Een drukking op die plek bij het vangen heeft echter bijna zonder uitzondering het splitsen tengevolge. De breuk ontstaat meestal dicht bij de tweede of derde staartwervel. Niet tusschen twee wervels, wat men licht denken zou, maar in 't midden ervan. Zoo'n wervel is heel waarschijnlijk er op gebouwd; hij is in 't midden zeer dun en de ligging van huidspieren maakt het doorknappen van het omringende vel gemakkelijk. Ook vormt zich snel een velletje om de wond en daaronder begint al heel gauw een nieuwe staart te groeien, die bij de volgende vervelling voor den dag komt.
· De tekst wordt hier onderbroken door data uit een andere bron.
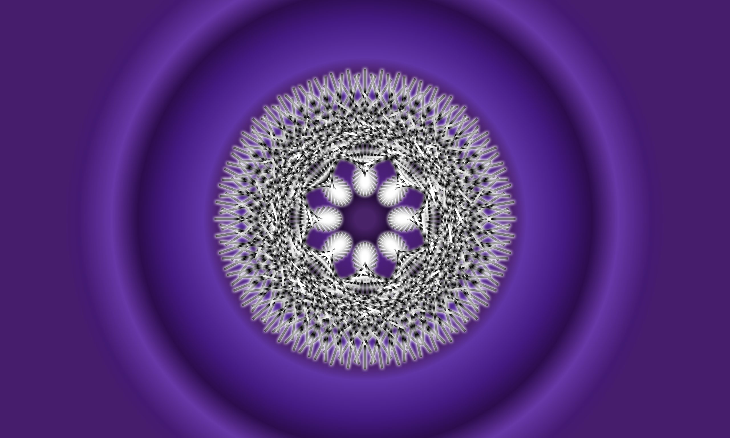 This features a purple circle with an intricate design inside of it. The design is made up of various shapes, including circles and other abstract patterns that are interconnected throughout the entirety of the circle. These shapes create a visually appealing and complex pattern that stands out against the purple background. The overall composition of the image gives off a sense of depth and complexity, making it an interesting visual piece to observe.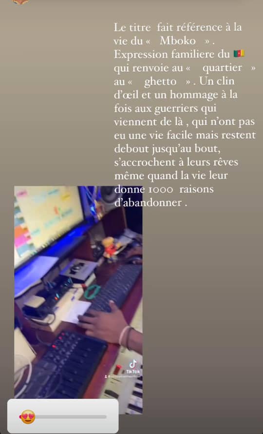 « Le titre fait référence à la vie du « mboko », argot camerounais qui renvoie au « ghetto » ou à la rue. Un clin d’œil et un hommage à la fois aux guerriers qui viennent de là, qui n’ont pas eu une vie facile mais restent debout jusqu’au bout, s’accrochent à leurs rêves même lorsque la vie leur donne 1000 raisons d’abandonner« , a expliqué Samantha sur Instagram.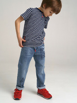 Синие джинсы выполнены из эластичного денима. Внутренняя сторона джинс из мягкого флиса, обеспечит тепло и комфорт на целый день. Есть дополнительная фиксация талии при помощи внутренней резинки. Изделие дополнено высококачественной металлической фурнитурой с логотипом бренда.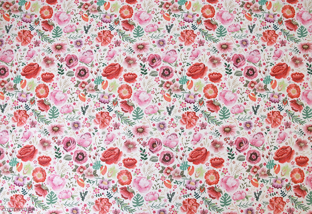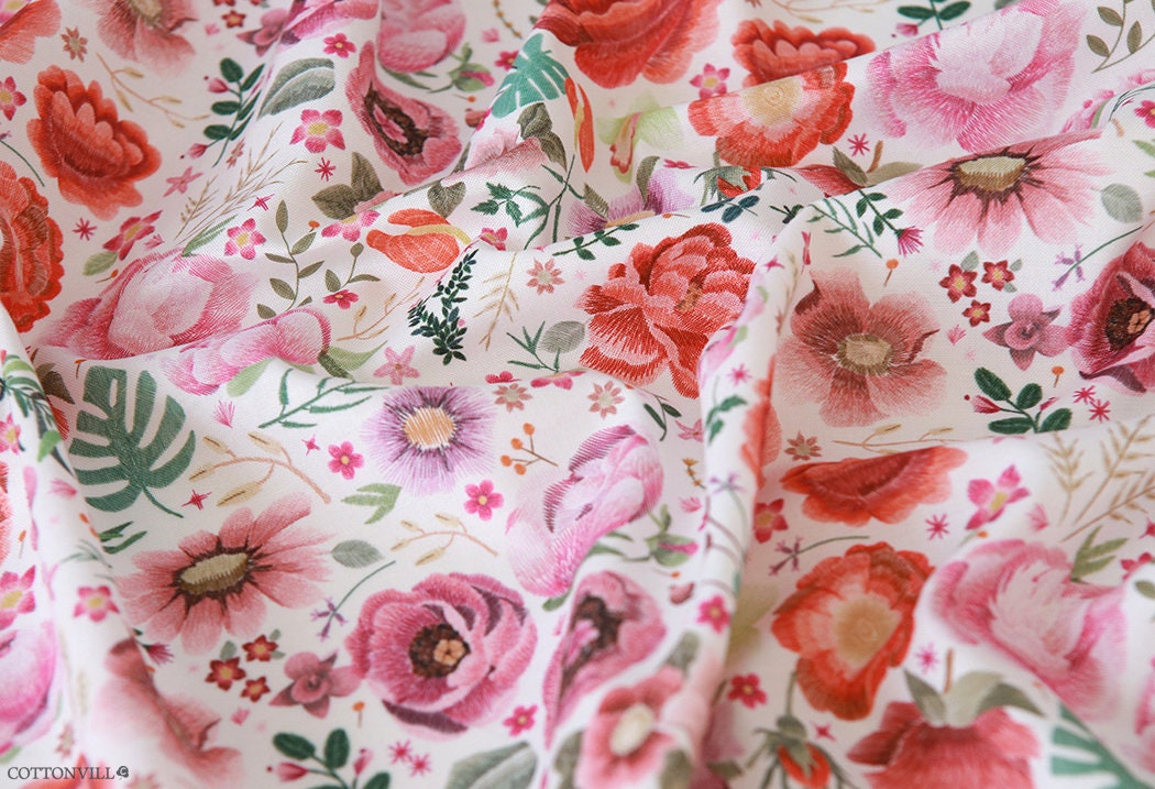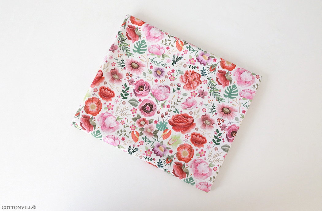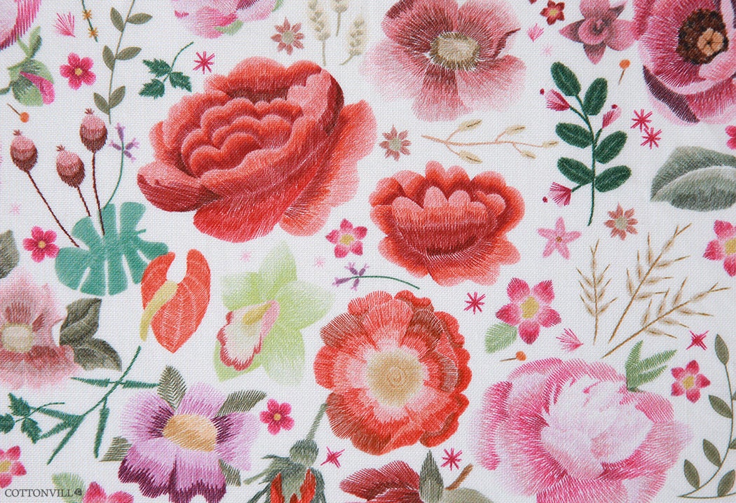 牡丹刺繍花園柄生地縫製、キルト - 韓国生地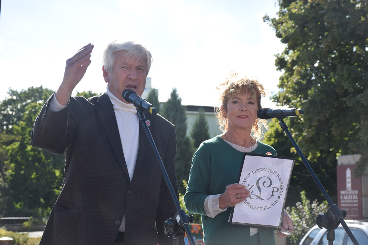 – We współczesnym świecie pełno jest mowy nienawiści, hejtu, wulgaryzmów. Słów, które mogą uprzykrzyć komuś życie, a nawet zabić. Czasy, w których przyszło nam żyć, potrzebują słów ciepłych, kojących takich, które budują, a nie niszczą godności człowieka, słów niosących nadzieję. Świat potrzebuje słów. Coraz rzadziej ze sobą rozmawiamy. Sztuczna inteligencja staje się nowym życiem, a cyfryzacja swoistą religią. Dlatego też zastanówmy się, co przekażemy następnym pokoleniom i jak będą wyglądały dzieje nasze oraz literatury – podkreśla Anna Zielińska-Brudek, prezes kieleckiego oddziału Związku Literatów Polskich.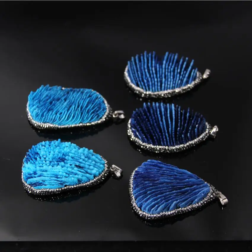 Goede Koop 5 stks, Gecoat Blauw Coral Slab Nugget Hanger, Natuurlijke Ruwe Coral cluster Verharde Rhinestone Randen freeform Plakjes Hanger kettingen Goedkoop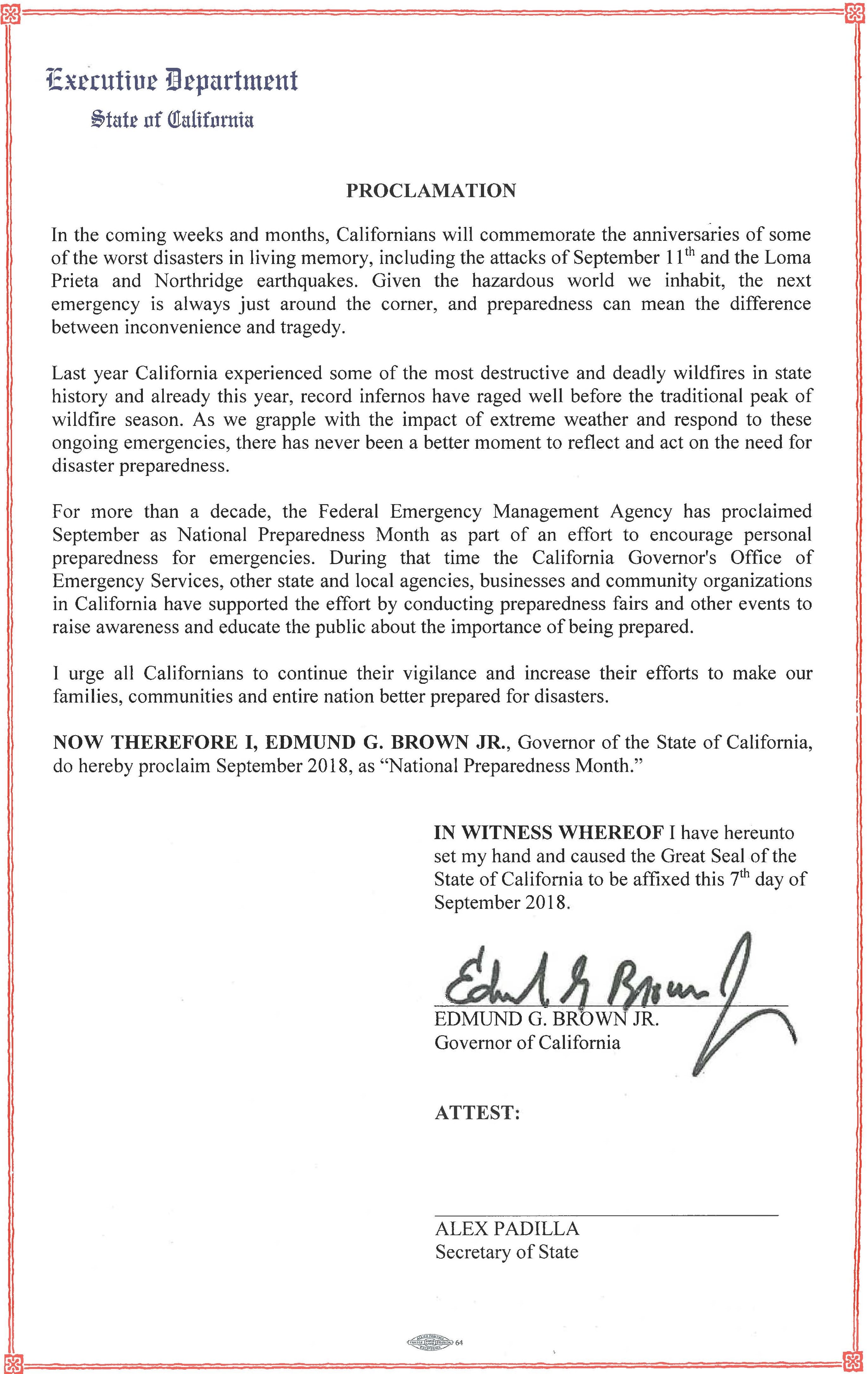 SACRAMENTO – Governor Edmund G. Brown Jr. today issued a proclamation declaring September 2018 as “National Preparedness Month” in the State of California.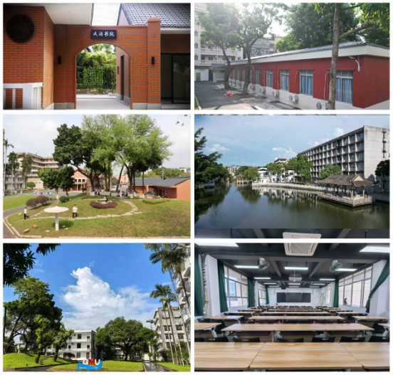 近年来,学校大力推进“雅而美”校园环境建设,聚焦环境美化与文化传承,构建“绿意与古韵共生”的校园生态。2024年9月,凤浦书院正式落成;同年10月,琶洲校区首部电梯投入使用。随后,学校持续优化琶洲校区校园景观,新增草坪花卉,精心打造“草甸书角”等休闲空间。2025年8月,学校启动学生宿舍1号楼和干训楼全面翻新,完成64间宿舍改造升级,全面改善宿舍基础设施条件。同期,实现教学楼电子班牌全覆盖、完成多间智慧教室标准化改造。2026年,由社会捐赠助力建设的“山海阁”顺利揭牌,建筑面积由1500㎡扩大至2100㎡,室外园林面积增加280㎡。如今的琶洲校区,书院亭阁错落有致、光影流年交织相融,生态绿意愈发浓郁,文化底蕴日益深厚,校园建设迈上新台阶。
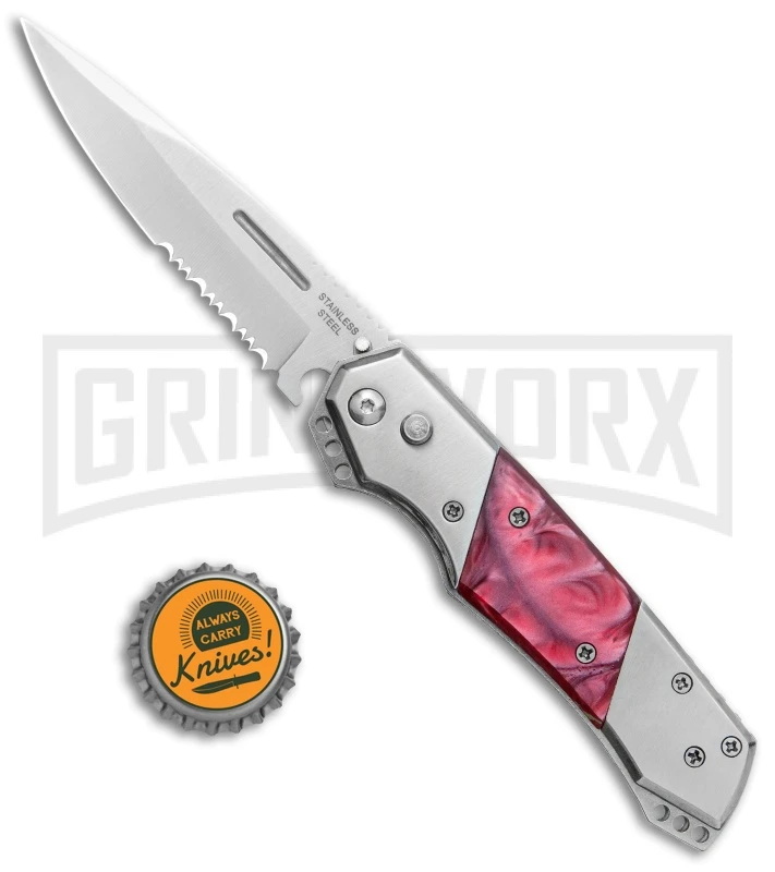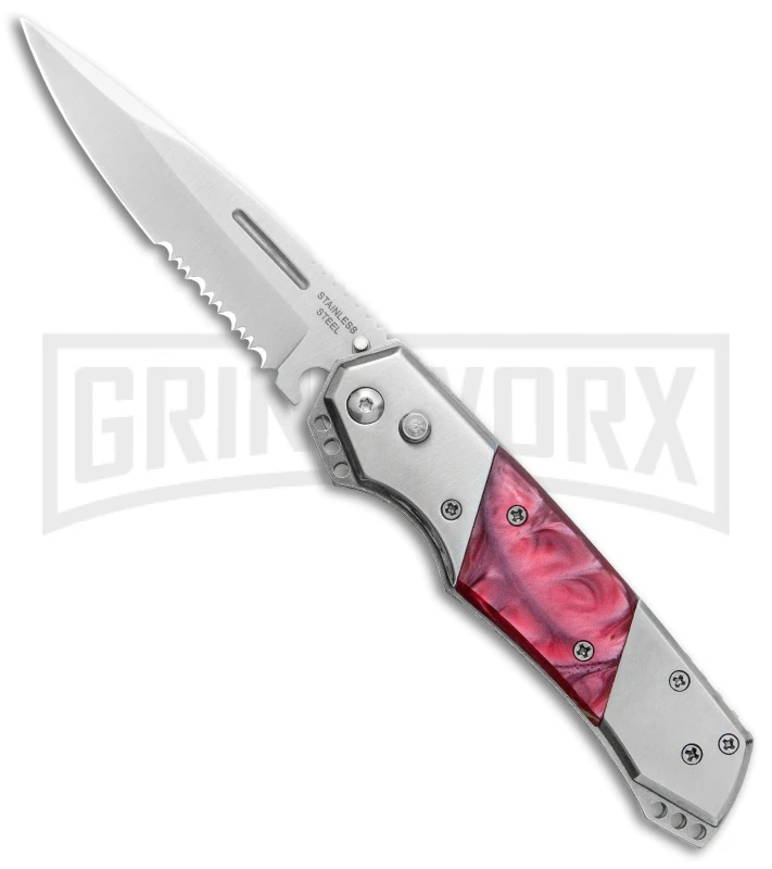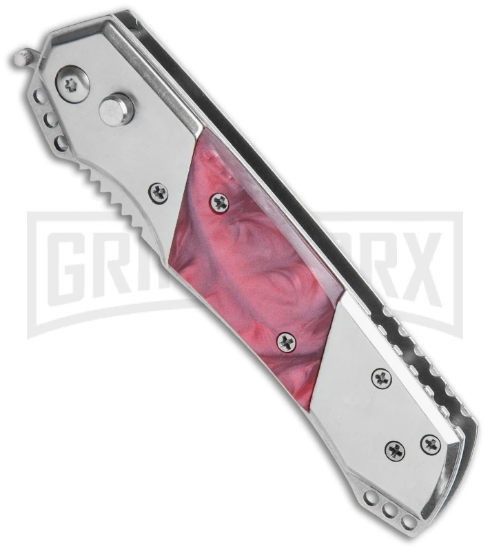 Super Knife Croc Automatic Knife Stainless W/ Red Marble Inlay – Satin Serr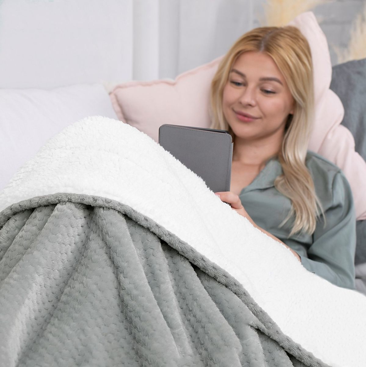 Lukahome.pl » Pościel / Narzuty i koce / Narzuta SHLEEPY szary kolor z wzorem żakardowym styl klasyczny 220x240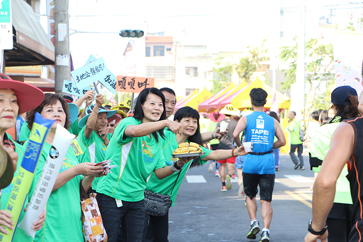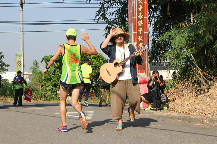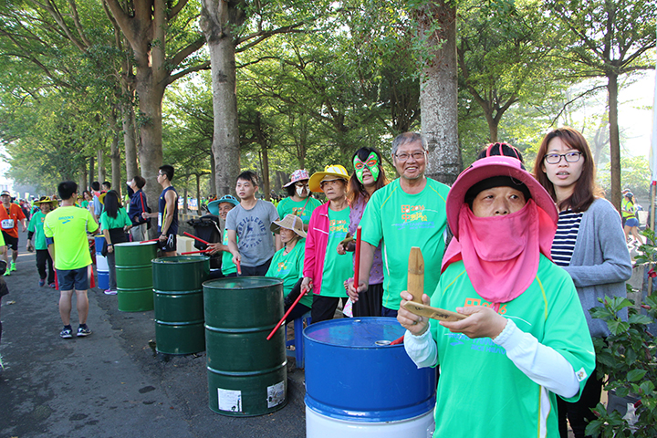 數千名熱情的當地人自組啦啦隊,以拉琴、敲鑼打鼓、表演等形式為選手加油。青春洋溢的高中生不斷伸手與跑者擊掌外,拉著小提琴的小學生也演奏出動人音樂鼓舞選手,現場還有許多cosplay加油團,有居民穿戴三太子神將厚重裝扮,吸引選手停下腳步跟他們一起拍照。

[ 174 ]Bij andere dieren, die veel aan autotomie en regeneratie doen, zooals bij krabben, zijn o.a. in de pooten inrichtingen ontdekt, die het loslaten van zoo'n lichaamsdeel gemakkelijk maken; zoo'n poot is er op ingericht in geval van nood prijsgegeven te worden. Al lang geleden heeft Max Culloch de autotomie van zoo'n splijtinrichting in de pooten en scharen van krabben aangetoond. Door een uitwas, een bultje op het pootdeel, drukt dit bij sterke spiertrekking met kracht tegen het naastliggende deel, en langs een naad, te voren aanwezig en goed waar te nemen is, knapt de poot doormidden.

Sommige dieren, zooals de rupsen van de witvlak-vlinder, slakken en vlinders, hebben uitwendige aanhangsels, gekleurde sterk in 't oog vallende haren, huid-lappen of vleugelstaarten, die voor den vijand de aangewezen plaatsen schijnen, om hun prooi beet te pakken. Maar die schijnbaar schadelijke handvatten laten dadelijk los, en de vijand, die zijn hapje vast meent te hebben, staat beteuterd te kijken bij een haarbosje, een stuk vleugel of huid.

De hazelwormen en hagedissen met dubbelen staart, die zoo nu en dan gevangen worden, hebben dat extra-ornament heel waarschijnlijk verkregen als regeneratie na het verlies van den enkelvoudigen staart. Mogelijk ook is zoo'n staart bij een vechtpartij tusschen de mannetjes (die hebben het vaakst tweede-editie-staarten) slechts ten deele afgebroken en weer vastgegroeid, terwijl uit de wond toch een nieuwe staart ontsprong.